The RCC project was compelling changes to the CCC system right from the start. Initially divided into seven consortiums, the RCC grant application process revealed the significant geographical and logistical difficulties posed to the consortium of schools found in the combined Los Angeles and Orange County region (LAOCRC). Together, these two counties are home to 28 CCCs and serve ~700,000 students each year. The size of the combined school districts made a single RCC effort unreasonable, so the collective group of LA and OC college CEOs elected to separate them into two individual regions: the Los Angeles County region and the Orange County region. Even after the split, implementing the RCC initiative will be challenging, especially for the newly named ‘Los Angeles Regional Consortium‘ (LARC) since it is home to 19 CCCs that serve over half a million students each year. 
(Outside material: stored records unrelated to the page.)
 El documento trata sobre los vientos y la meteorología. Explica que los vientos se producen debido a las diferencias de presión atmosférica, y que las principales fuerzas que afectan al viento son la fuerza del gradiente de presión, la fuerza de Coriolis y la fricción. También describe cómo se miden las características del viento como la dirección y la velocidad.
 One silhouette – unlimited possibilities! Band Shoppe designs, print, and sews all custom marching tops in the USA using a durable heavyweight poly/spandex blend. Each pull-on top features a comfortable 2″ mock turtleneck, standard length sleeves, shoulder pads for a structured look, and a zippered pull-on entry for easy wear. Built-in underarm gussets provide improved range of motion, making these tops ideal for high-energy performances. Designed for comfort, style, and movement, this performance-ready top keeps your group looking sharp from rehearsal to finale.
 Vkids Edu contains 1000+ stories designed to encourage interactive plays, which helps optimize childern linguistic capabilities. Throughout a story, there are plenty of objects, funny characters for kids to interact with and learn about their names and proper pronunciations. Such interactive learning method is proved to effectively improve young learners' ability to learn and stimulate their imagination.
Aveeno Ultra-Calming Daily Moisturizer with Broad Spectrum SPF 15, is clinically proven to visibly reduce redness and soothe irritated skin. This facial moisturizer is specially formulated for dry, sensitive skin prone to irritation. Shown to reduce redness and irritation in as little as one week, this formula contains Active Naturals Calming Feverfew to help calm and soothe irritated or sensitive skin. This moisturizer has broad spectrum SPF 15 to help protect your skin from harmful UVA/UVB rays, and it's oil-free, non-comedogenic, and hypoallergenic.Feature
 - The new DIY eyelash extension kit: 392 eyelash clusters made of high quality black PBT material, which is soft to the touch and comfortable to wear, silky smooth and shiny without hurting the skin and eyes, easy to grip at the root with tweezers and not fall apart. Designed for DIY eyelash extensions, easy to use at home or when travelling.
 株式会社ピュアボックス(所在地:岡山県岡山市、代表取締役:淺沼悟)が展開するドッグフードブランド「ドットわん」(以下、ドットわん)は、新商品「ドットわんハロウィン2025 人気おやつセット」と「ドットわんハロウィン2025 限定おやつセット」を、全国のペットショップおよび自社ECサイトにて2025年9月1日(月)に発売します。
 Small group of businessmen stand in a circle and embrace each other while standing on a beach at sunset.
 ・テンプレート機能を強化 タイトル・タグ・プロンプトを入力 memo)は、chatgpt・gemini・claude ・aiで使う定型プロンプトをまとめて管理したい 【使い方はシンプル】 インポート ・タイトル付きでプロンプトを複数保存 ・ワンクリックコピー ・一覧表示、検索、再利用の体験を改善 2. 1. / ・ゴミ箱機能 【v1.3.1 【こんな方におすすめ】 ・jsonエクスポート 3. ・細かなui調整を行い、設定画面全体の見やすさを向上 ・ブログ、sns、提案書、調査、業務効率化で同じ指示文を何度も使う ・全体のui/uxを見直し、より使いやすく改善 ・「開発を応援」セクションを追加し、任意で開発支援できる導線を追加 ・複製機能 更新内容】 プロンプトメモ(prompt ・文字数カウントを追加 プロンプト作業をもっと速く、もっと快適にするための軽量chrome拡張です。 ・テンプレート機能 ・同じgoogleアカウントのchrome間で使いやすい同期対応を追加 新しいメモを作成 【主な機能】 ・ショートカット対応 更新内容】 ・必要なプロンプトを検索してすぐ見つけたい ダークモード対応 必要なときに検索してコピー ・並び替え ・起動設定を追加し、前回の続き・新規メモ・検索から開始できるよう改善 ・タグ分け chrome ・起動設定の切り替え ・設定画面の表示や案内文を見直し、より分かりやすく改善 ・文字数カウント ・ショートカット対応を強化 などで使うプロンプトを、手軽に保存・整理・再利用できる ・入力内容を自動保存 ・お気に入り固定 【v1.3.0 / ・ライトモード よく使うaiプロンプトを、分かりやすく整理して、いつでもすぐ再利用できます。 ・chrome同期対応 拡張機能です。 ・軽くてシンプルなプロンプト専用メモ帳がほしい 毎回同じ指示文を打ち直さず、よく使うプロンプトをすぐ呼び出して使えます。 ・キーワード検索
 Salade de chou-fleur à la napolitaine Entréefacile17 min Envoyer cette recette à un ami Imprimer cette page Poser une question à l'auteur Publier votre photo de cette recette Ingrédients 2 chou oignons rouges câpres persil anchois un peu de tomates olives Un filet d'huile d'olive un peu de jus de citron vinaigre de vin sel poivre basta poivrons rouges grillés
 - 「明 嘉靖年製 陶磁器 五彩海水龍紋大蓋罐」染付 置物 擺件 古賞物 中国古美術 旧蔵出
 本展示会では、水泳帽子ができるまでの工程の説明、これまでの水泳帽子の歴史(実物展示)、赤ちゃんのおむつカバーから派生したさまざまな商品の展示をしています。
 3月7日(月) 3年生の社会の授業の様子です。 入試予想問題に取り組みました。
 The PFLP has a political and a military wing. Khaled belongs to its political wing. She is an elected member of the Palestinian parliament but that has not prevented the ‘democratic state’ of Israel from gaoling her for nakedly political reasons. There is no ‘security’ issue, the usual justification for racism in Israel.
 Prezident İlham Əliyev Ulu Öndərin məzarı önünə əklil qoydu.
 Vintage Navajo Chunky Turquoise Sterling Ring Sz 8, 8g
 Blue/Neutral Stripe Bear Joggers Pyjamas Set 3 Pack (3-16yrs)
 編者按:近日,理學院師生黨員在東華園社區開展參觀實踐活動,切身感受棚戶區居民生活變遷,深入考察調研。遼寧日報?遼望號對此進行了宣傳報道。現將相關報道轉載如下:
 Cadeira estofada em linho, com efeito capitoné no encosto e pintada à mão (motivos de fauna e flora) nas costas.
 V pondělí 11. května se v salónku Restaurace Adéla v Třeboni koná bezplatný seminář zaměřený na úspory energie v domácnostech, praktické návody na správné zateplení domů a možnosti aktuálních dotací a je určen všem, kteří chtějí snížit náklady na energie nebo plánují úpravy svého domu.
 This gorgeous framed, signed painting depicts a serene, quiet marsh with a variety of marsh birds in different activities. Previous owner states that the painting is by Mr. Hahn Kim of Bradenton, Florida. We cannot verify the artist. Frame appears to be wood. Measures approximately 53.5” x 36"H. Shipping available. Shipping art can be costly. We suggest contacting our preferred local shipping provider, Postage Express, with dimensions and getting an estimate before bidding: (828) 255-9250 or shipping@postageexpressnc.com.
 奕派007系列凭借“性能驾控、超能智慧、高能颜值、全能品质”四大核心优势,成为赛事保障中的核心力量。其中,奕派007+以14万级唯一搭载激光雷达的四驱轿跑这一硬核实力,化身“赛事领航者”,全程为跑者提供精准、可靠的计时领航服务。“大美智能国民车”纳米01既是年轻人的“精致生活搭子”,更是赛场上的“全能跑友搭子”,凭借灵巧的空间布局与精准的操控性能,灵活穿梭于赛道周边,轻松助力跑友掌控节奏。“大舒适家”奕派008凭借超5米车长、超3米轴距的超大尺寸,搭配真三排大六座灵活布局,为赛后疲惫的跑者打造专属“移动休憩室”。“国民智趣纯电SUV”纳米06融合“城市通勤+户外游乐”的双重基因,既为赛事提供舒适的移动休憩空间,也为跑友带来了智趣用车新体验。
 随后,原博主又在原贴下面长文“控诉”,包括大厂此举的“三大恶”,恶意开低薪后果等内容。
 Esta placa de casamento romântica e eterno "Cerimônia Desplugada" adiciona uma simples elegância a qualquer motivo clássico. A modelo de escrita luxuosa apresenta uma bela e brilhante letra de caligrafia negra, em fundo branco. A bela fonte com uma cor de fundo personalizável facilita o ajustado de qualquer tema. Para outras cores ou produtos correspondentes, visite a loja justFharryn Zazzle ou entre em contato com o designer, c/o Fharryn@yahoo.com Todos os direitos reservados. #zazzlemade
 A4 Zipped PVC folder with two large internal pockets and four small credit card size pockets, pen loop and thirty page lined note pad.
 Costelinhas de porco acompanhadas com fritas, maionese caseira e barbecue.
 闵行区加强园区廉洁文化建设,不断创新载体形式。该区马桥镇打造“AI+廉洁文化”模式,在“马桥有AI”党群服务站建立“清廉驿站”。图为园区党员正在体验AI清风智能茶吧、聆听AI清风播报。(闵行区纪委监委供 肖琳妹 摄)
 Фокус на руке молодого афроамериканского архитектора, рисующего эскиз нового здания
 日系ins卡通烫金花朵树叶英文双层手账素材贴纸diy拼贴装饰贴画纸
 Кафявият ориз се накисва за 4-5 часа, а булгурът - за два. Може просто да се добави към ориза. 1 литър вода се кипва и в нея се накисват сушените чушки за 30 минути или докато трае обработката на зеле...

Pasadena City College (PCC) has been named the RCC LARC coordinator, which launched January 1, 2022. In this role, PCC will work with LA County CTE departments, Economic and Workforce Development departments (EWDs), CCC administrations, and regional businesses and industries to define both the assets and challenges of the regional economy and devise appropriate and successful responses to current and emerging needs. The group will need to access all available governmental and CCC resources to implement the RCC goals.  

California’s CCC-based approach to its Post-COVID-19 economic recovery is yet another element that makes the State truly unique as a leader among America’s states.